==== Exercise inputs
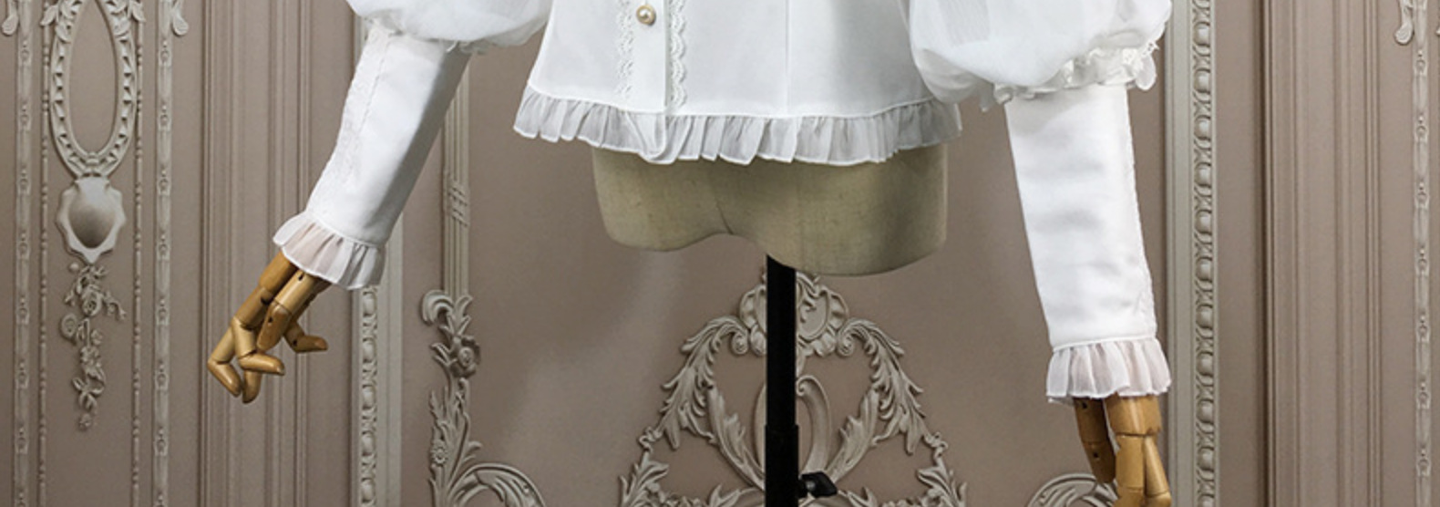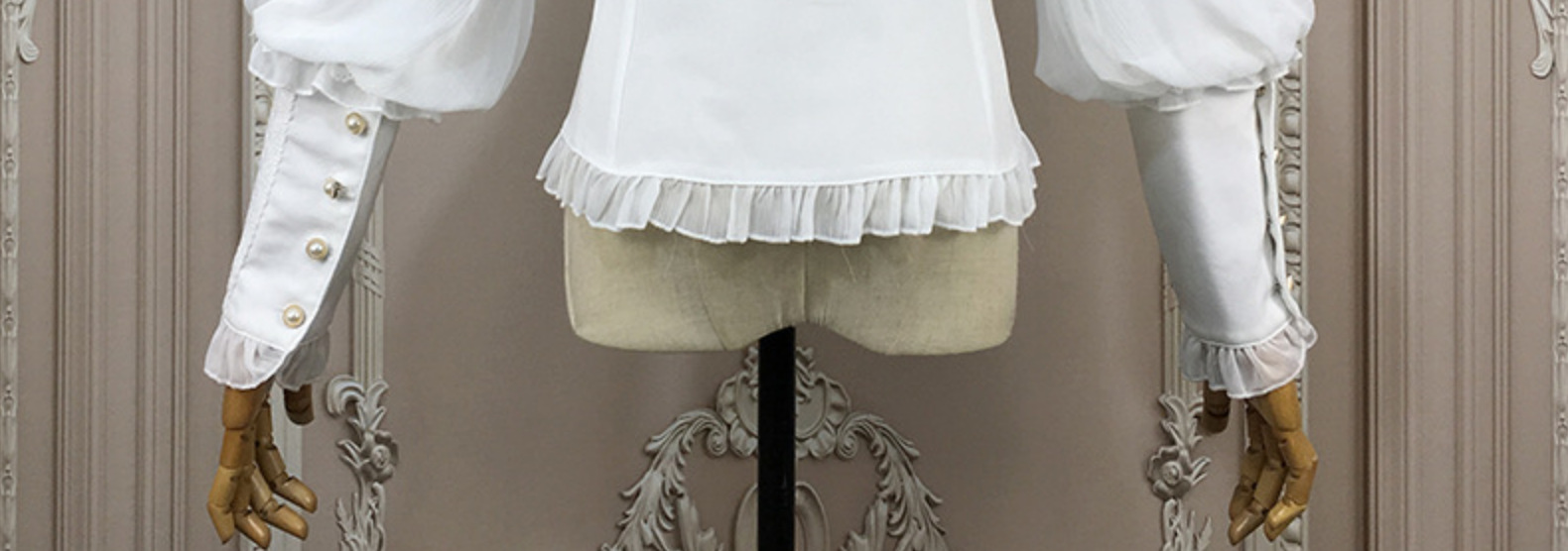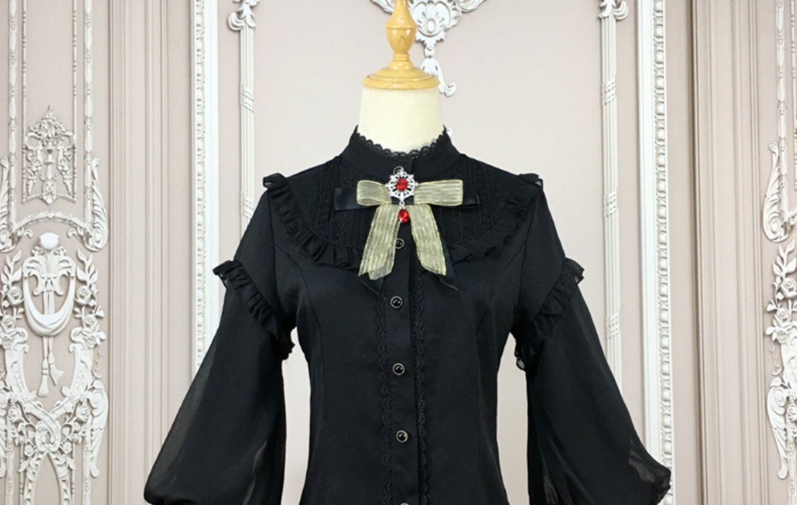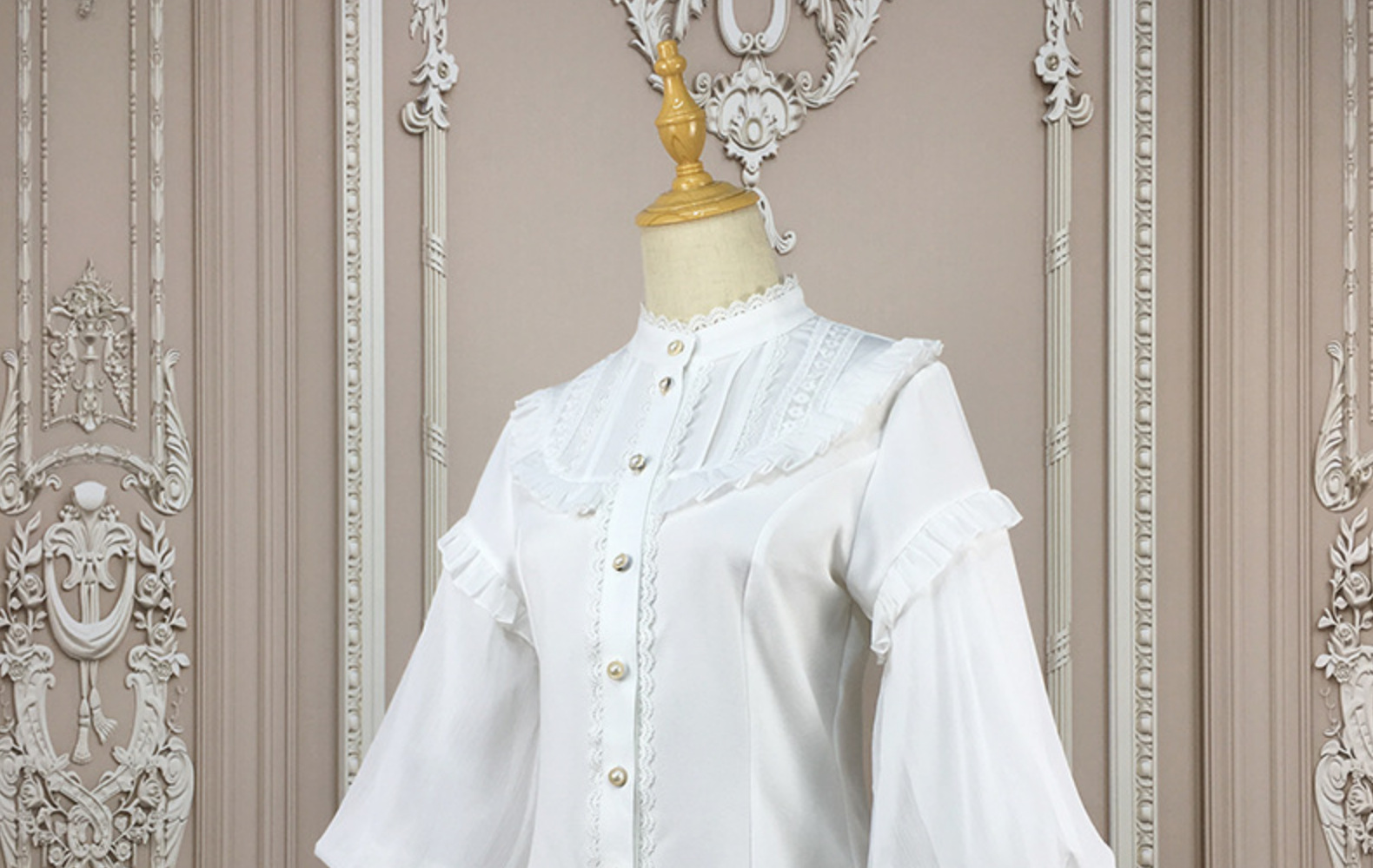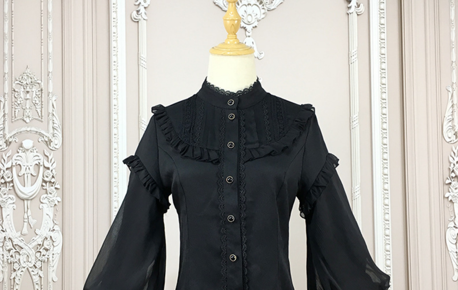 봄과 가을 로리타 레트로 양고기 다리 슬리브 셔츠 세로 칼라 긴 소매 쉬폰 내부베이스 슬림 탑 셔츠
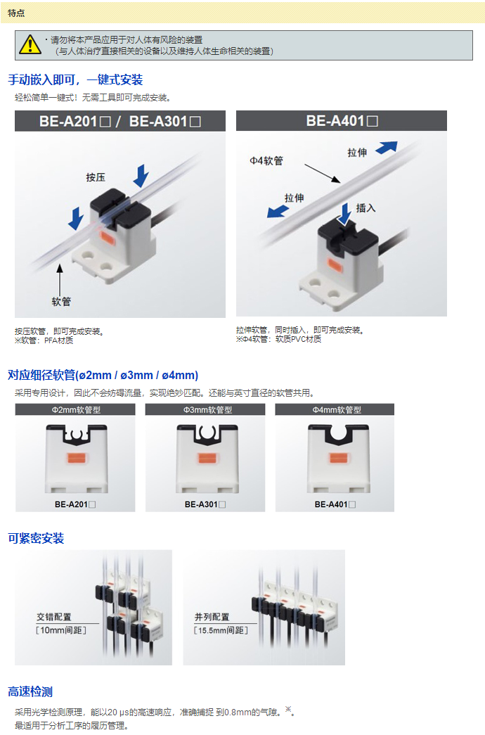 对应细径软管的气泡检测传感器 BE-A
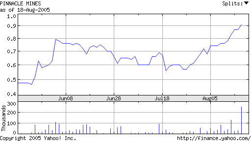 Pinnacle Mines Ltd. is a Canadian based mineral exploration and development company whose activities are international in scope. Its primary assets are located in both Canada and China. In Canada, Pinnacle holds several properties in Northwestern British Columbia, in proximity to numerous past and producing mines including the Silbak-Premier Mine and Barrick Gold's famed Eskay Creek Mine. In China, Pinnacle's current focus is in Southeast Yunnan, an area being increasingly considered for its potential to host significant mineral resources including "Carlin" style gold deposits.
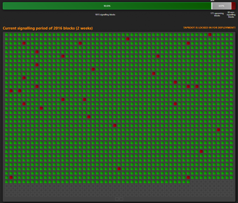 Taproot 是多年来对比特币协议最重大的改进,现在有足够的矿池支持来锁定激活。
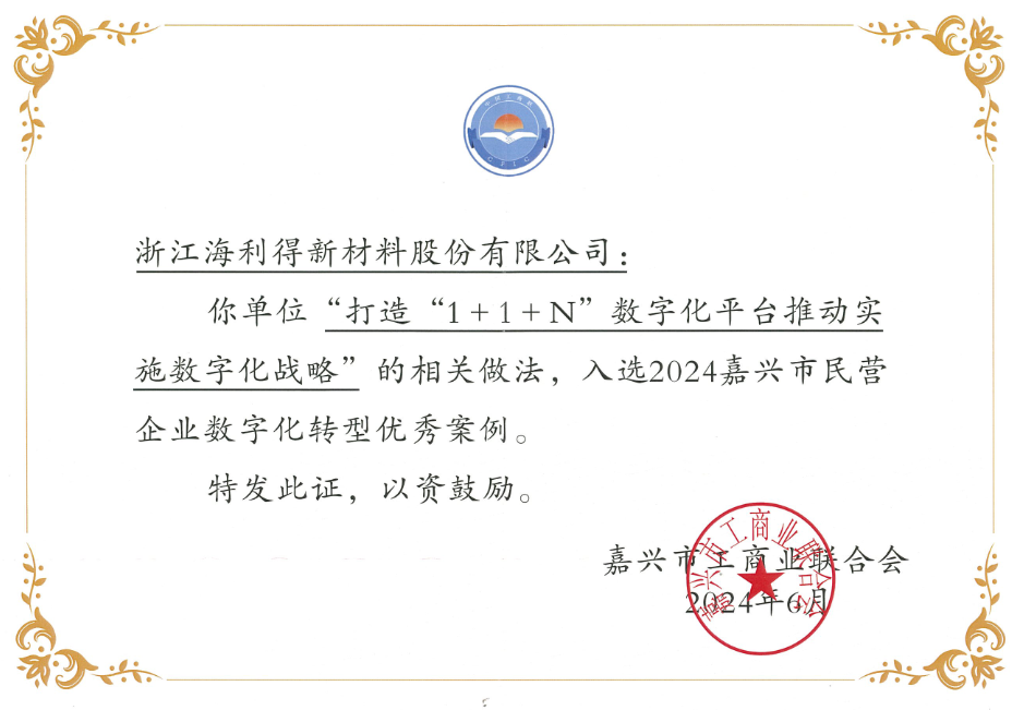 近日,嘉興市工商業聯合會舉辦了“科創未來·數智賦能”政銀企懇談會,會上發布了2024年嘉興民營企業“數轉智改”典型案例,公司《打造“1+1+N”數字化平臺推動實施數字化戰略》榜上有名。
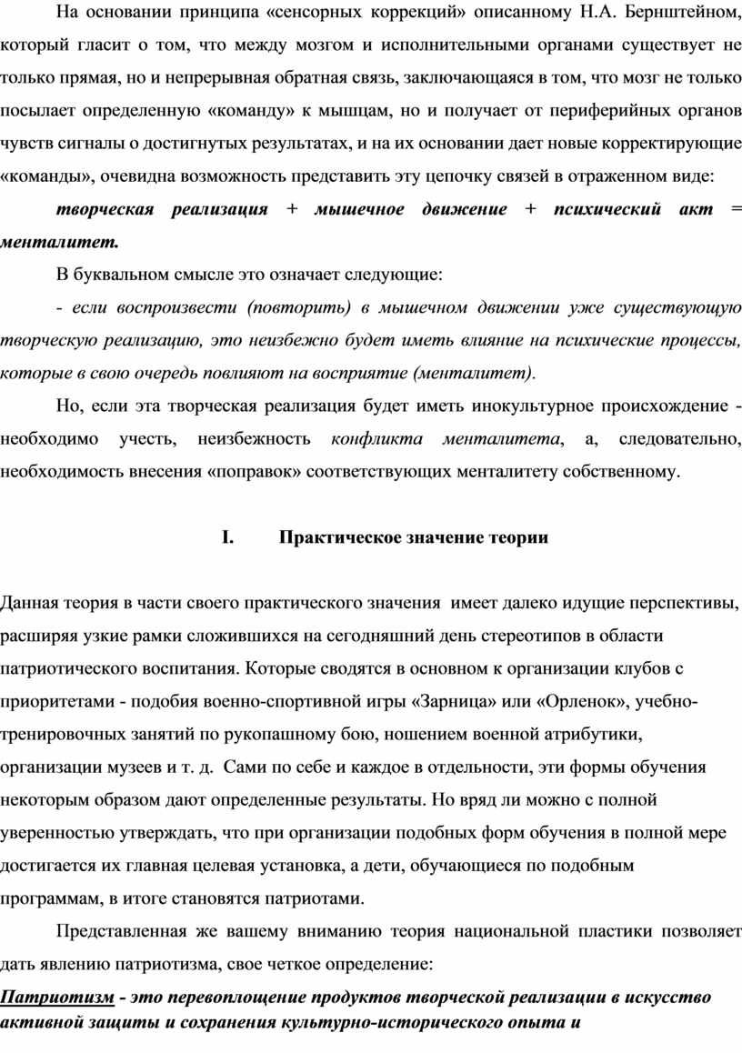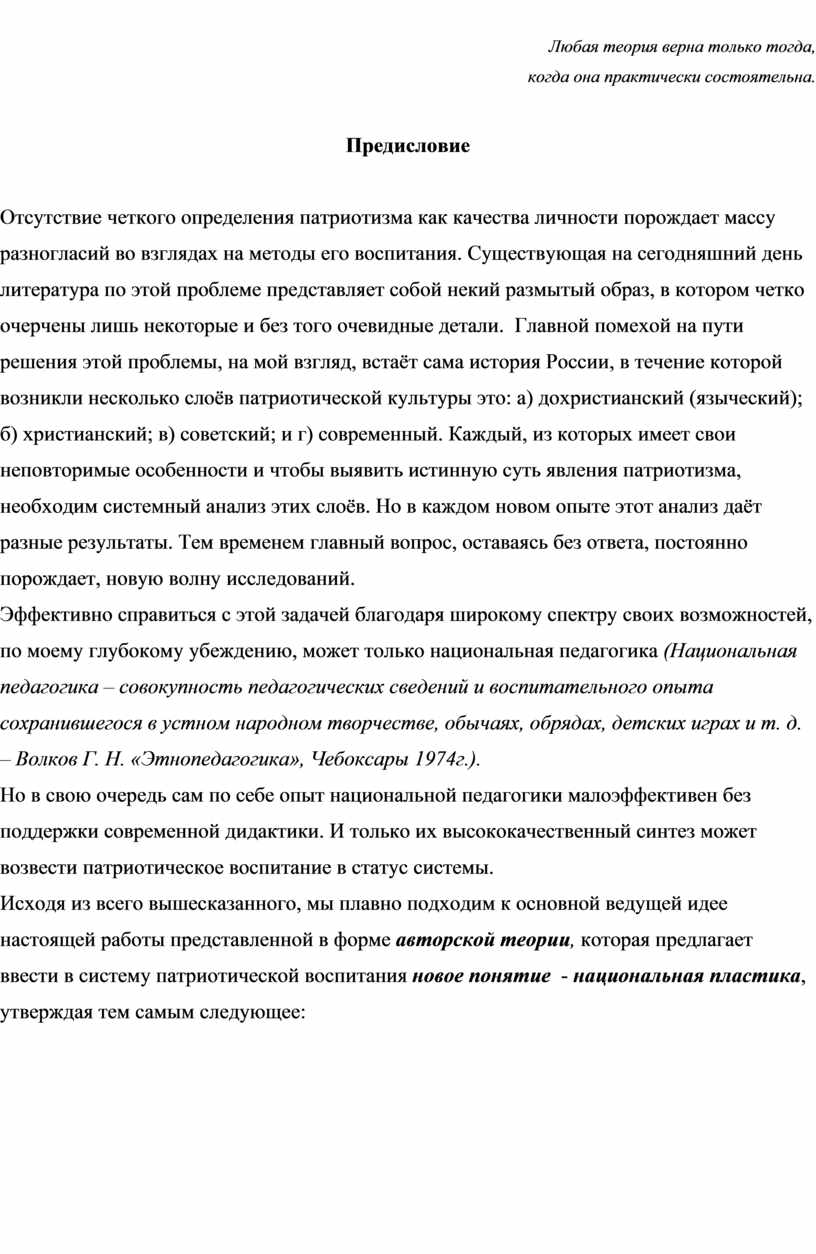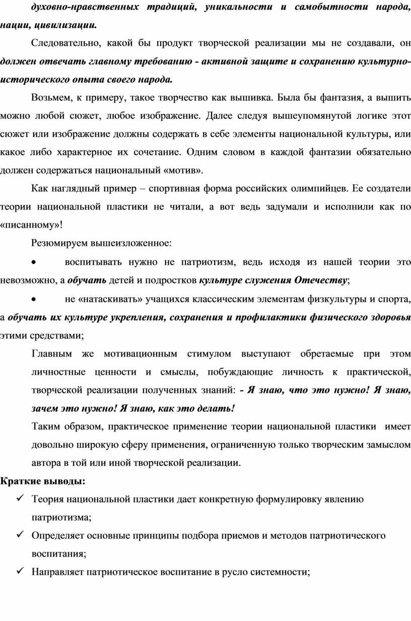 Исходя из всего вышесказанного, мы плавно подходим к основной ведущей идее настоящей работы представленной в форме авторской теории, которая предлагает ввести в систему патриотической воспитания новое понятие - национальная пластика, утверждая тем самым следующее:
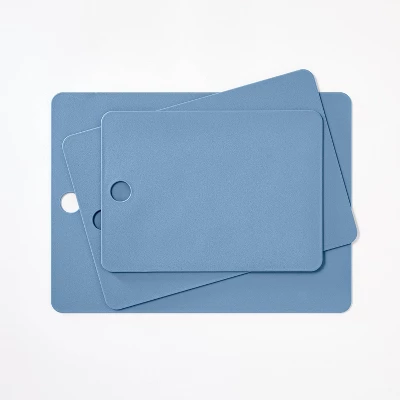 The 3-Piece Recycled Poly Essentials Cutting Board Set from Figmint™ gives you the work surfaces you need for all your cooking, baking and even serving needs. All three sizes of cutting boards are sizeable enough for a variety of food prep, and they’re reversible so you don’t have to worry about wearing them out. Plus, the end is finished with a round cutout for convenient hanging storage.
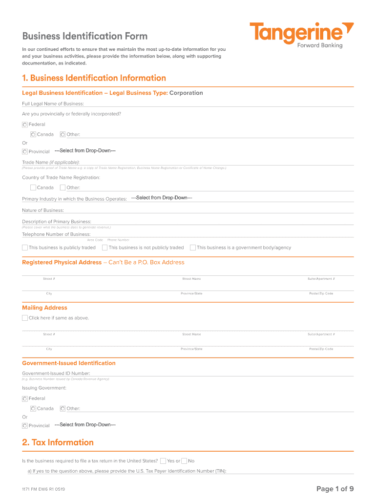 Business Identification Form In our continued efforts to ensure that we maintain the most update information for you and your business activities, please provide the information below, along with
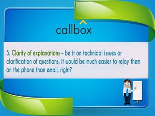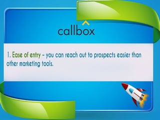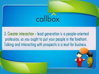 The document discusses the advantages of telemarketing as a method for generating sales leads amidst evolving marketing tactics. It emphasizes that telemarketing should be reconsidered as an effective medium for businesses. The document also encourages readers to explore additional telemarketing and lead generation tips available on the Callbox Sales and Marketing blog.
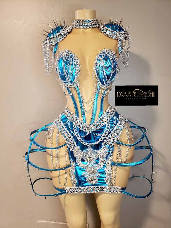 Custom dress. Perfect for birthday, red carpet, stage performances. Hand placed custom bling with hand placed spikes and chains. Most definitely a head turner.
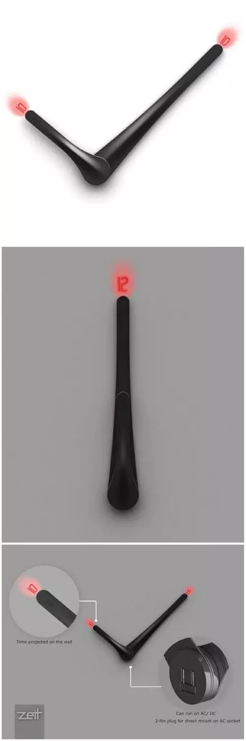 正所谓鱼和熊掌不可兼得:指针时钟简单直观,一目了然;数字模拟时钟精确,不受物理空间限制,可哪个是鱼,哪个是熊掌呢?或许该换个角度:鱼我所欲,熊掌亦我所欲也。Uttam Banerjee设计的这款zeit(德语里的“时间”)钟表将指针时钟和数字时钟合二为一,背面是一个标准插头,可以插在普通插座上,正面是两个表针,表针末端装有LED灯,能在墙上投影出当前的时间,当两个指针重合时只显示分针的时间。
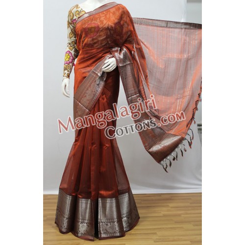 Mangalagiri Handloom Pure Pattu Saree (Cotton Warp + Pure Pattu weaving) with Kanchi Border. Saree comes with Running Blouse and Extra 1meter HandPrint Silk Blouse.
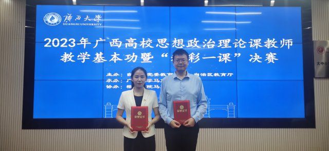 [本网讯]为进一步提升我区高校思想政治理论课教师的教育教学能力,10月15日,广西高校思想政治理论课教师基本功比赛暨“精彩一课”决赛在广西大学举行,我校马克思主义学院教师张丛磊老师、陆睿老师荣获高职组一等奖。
========
- What to do -
Each entry gets copied exactly; the pictures stay out.

- Exercise result -
 봄과 가을 로리타 레트로 양고기 다리 슬리브 셔츠 세로 칼라 긴 소매 쉬폰 내부베이스 슬림 탑 셔츠
 对应细径软管的气泡检测传感器 BE-A
 Pinnacle Mines Ltd. is a Canadian based mineral exploration and development company whose activities are international in scope. Its primary assets are located in both Canada and China. In Canada, Pinnacle holds several properties in Northwestern British Columbia, in proximity to numerous past and producing mines including the Silbak-Premier Mine and Barrick Gold's famed Eskay Creek Mine. In China, Pinnacle's current focus is in Southeast Yunnan, an area being increasingly considered for its potential to host significant mineral resources including "Carlin" style gold deposits.
 Taproot 是多年来对比特币协议最重大的改进,现在有足够的矿池支持来锁定激活。
 近日,嘉興市工商業聯合會舉辦了“科創未來·數智賦能”政銀企懇談會,會上發布了2024年嘉興民營企業“數轉智改”典型案例,公司《打造“1+1+N”數字化平臺推動實施數字化戰略》榜上有名。
 Исходя из всего вышесказанного, мы плавно подходим к основной ведущей идее настоящей работы представленной в форме авторской теории, которая предлагает ввести в систему патриотической воспитания новое понятие - национальная пластика, утверждая тем самым следующее:
 The 3-Piece Recycled Poly Essentials Cutting Board Set from Figmint™ gives you the work surfaces you need for all your cooking, baking and even serving needs. All three sizes of cutting boards are sizeable enough for a variety of food prep, and they’re reversible so you don’t have to worry about wearing them out. Plus, the end is finished with a round cutout for convenient hanging storage.
 Business Identification Form In our continued efforts to ensure that we maintain the most update information for you and your business activities, please provide the information below, along with
 The document discusses the advantages of telemarketing as a method for generating sales leads amidst evolving marketing tactics. It emphasizes that telemarketing should be reconsidered as an effective medium for businesses. The document also encourages readers to explore additional telemarketing and lead generation tips available on the Callbox Sales and Marketing blog.
 Custom dress. Perfect for birthday, red carpet, stage performances. Hand placed custom bling with hand placed spikes and chains. Most definitely a head turner.
 正所谓鱼和熊掌不可兼得:指针时钟简单直观,一目了然;数字模拟时钟精确,不受物理空间限制,可哪个是鱼,哪个是熊掌呢?或许该换个角度:鱼我所欲,熊掌亦我所欲也。Uttam Banerjee设计的这款zeit(德语里的“时间”)钟表将指针时钟和数字时钟合二为一,背面是一个标准插头,可以插在普通插座上,正面是两个表针,表针末端装有LED灯,能在墙上投影出当前的时间,当两个指针重合时只显示分针的时间。
 Mangalagiri Handloom Pure Pattu Saree (Cotton Warp + Pure Pattu weaving) with Kanchi Border. Saree comes with Running Blouse and Extra 1meter HandPrint Silk Blouse.
 [本网讯]为进一步提升我区高校思想政治理论课教师的教育教学能力,10月15日,广西高校思想政治理论课教师基本功比赛暨“精彩一课”决赛在广西大学举行,我校马克思主义学院教师张丛磊老师、陆睿老师荣获高职组一等奖。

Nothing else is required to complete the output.